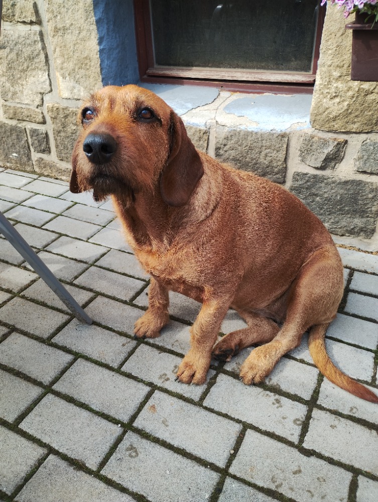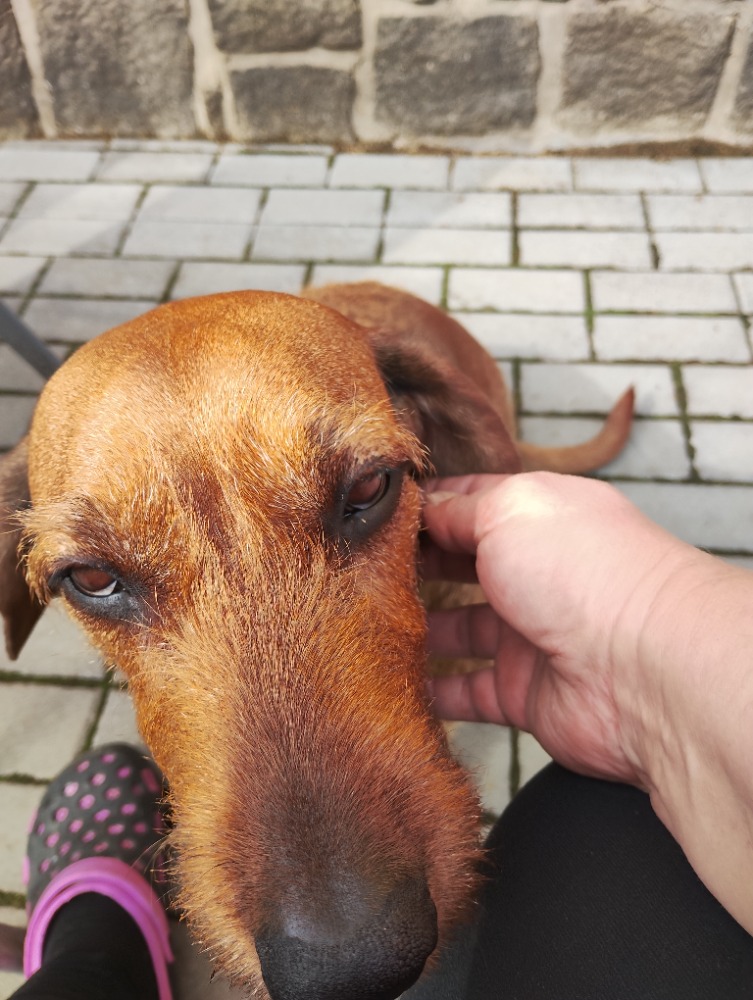 Karamelka je jedna ze 4 štěněcích holčiček, které jsme přijali jako nalezence. Jedná se o křížence jezevčíka, v dospělosti asi 10 kg. K odběru budou až v 8 týdnech, tedy za 3 týdny. Holčičky jsou veselé a hravé, jako každé jiné štěně.
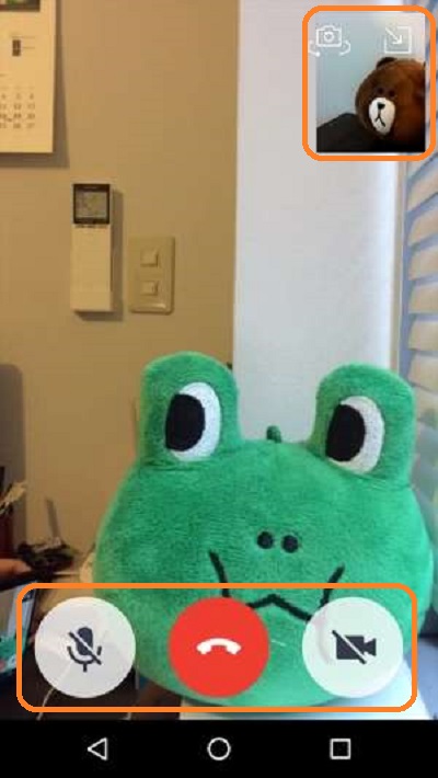ビデオ通話中の画面は、 インカメラで自分側の映像が表示されています。
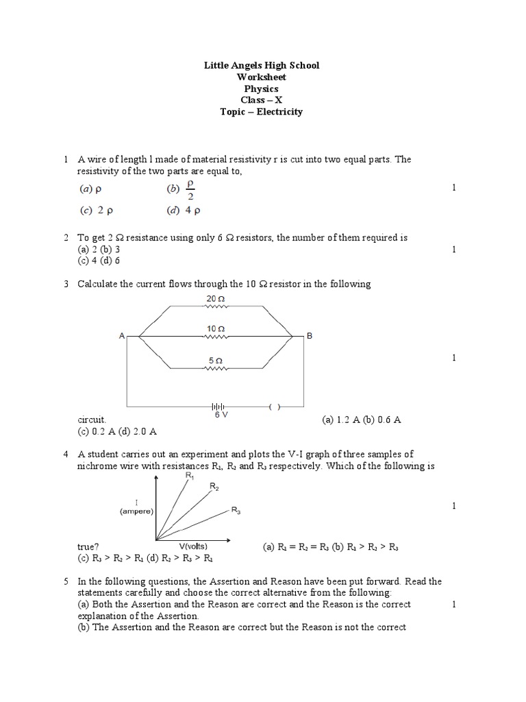 Worksheets on Electricity for class 10 Electricity Worksheet-1. A piece of wire of resistance R is cut into five equal parts. These parts are then connected in parallel. If the equivalent resistance of this combination is R', then the ratio R/R' is : A. 1/25 B. 1/5 C. 5 D. 25. PDF Circuit Worksheet (answers) - themcclungs.net Circuit Worksheet Answers side 1 For each of the given circuits, calculate the equivalent resistance. Then, calculate the total current. Finally, calculate the individual currents and voltages for each resistor. Circuit 1 R1 R2 R3 Vtotal R I V R1 3 Ω 1 3 Vtotal = 9 v R2 3 Ω 1 3 Itotal = 1 R3 3 Ω 1 3 Rtotal = 9 Circuit 2 Vtotal R1 R2 R3 R I V ... Equivalent Resistance Worksheet - Pinterest Description Worksheet consist of questions on finding equivalent resistance of various circuits. Answer key also included. Your learners will have fun to answer ... Series and Parallel Circuits Worksheet Series and Parallel Circuits Worksheet. Use the chart to answer each of the following questions. Be sure to place a box around the calculated values requested. A 20 Ohm lamp and a 5 Ohm lamp are connected in series and placed across a potential difference of 50 V. What is the equivalent resistance of the circuit?
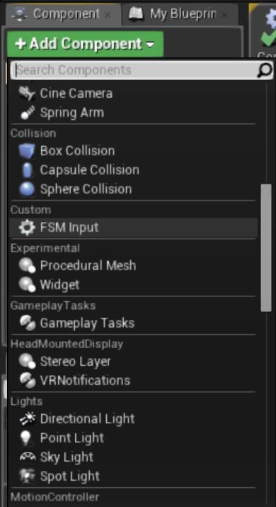 Now our FSM Component is marked active, let’s also open our Character Blueprint and add to it our newly created component, FSM_Input (under the ‘Custom’ section):
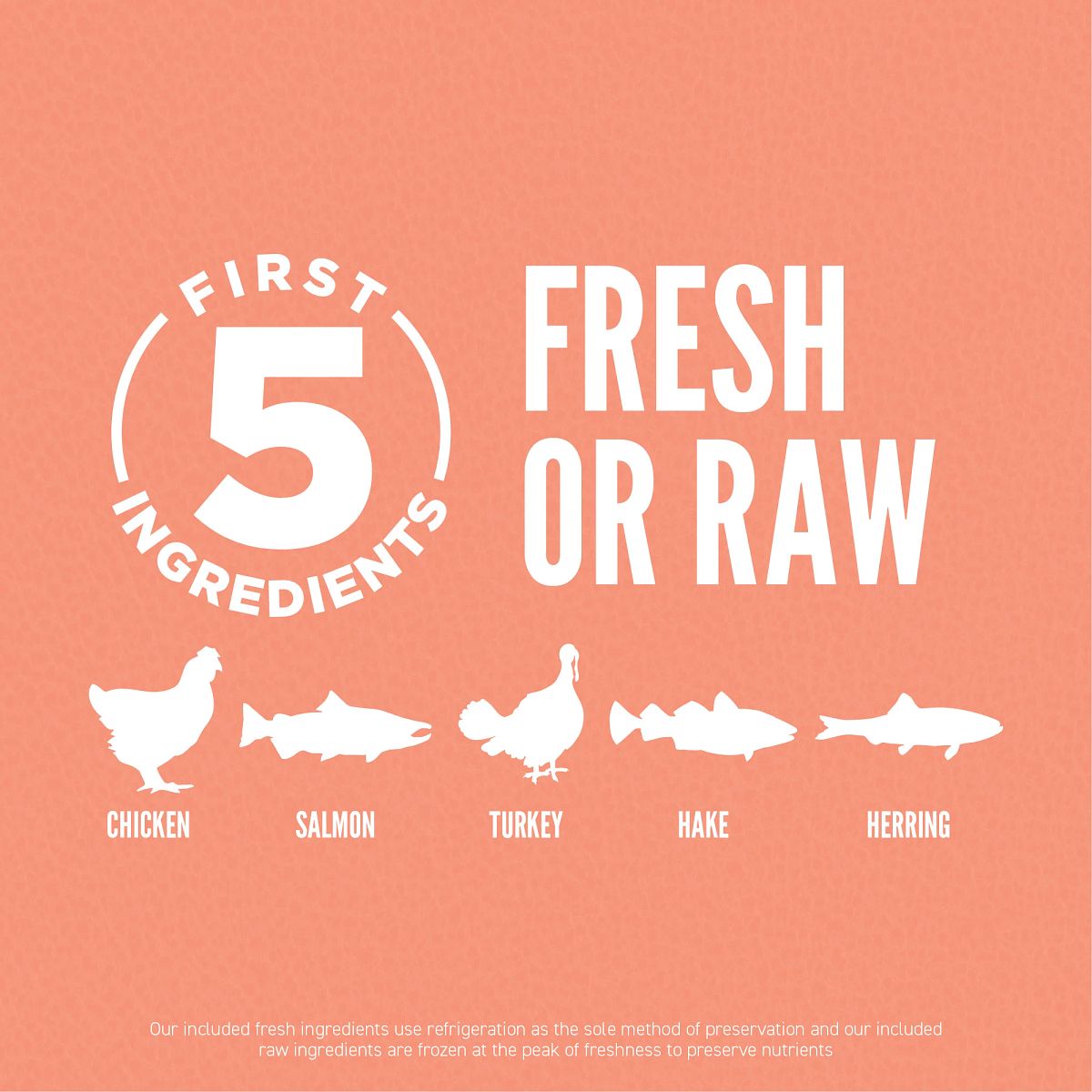 Färsk kyckling (18 %), rå lax (12 %), rå kalkon (10 %), rå hel blåvitling (4 %), rå hel sill (4 %), rå kalkonlever (4 %), färsk kycklinginmat (lever, hjärta) (4 %), färska ägg (4 %), torkad kalkon (4 %), torkad kyckling (4 %), torkad sill (4 %), torkad kycklinglever (4 %), torkade ägg (4 %), hela röda linser, hela pintobönor, kycklingfett (3 %), hela gröna linser, hela marinblå bönor, hela kikärter, hela ärtor, sejolja (2 %), linsfiber, råa nyzeeländska gröna musslor, torkad kelp, färsk hel butternutpumpa, färsk hel pumpa, salt, torkad cikoriarot, färska hela äpplen, färska hela morötter, färska hela päron, färsk hel zucchini, färska rödbetor, färsk grönkål, färsk spenat, färska kålrotsblad, hela tranbär, hela blåbär, hela saskatoonbär, gurkmeja, mjölktistel, kardborrerot, lavendel, marshmallowrot, nypon.
**********
WHAT YOU HAVE TO DO:
The reply should hold exactly the lines above, starting at the line with "ビデオ通話中の画面は、 インカメラで自分側の映像が表示されています。" and ending at the line with "Worksheets on Electricity", and no pictures.

TASK SOLUTION:
ビデオ通話中の画面は、 インカメラで自分側の映像が表示されています。
 Worksheets on Electricity for class 10 Electricity Worksheet-1. A piece of wire of resistance R is cut into five equal parts. These parts are then connected in parallel. If the equivalent resistance of this combination is R', then the ratio R/R' is : A. 1/25 B. 1/5 C. 5 D. 25. PDF Circuit Worksheet (answers) - themcclungs.net Circuit Worksheet Answers side 1 For each of the given circuits, calculate the equivalent resistance. Then, calculate the total current. Finally, calculate the individual currents and voltages for each resistor. Circuit 1 R1 R2 R3 Vtotal R I V R1 3 Ω 1 3 Vtotal = 9 v R2 3 Ω 1 3 Itotal = 1 R3 3 Ω 1 3 Rtotal = 9 Circuit 2 Vtotal R1 R2 R3 R I V ... Equivalent Resistance Worksheet - Pinterest Description Worksheet consist of questions on finding equivalent resistance of various circuits. Answer key also included. Your learners will have fun to answer ... Series and Parallel Circuits Worksheet Series and Parallel Circuits Worksheet. Use the chart to answer each of the following questions. Be sure to place a box around the calculated values requested. A 20 Ohm lamp and a 5 Ohm lamp are connected in series and placed across a potential difference of 50 V. What is the equivalent resistance of the circuit?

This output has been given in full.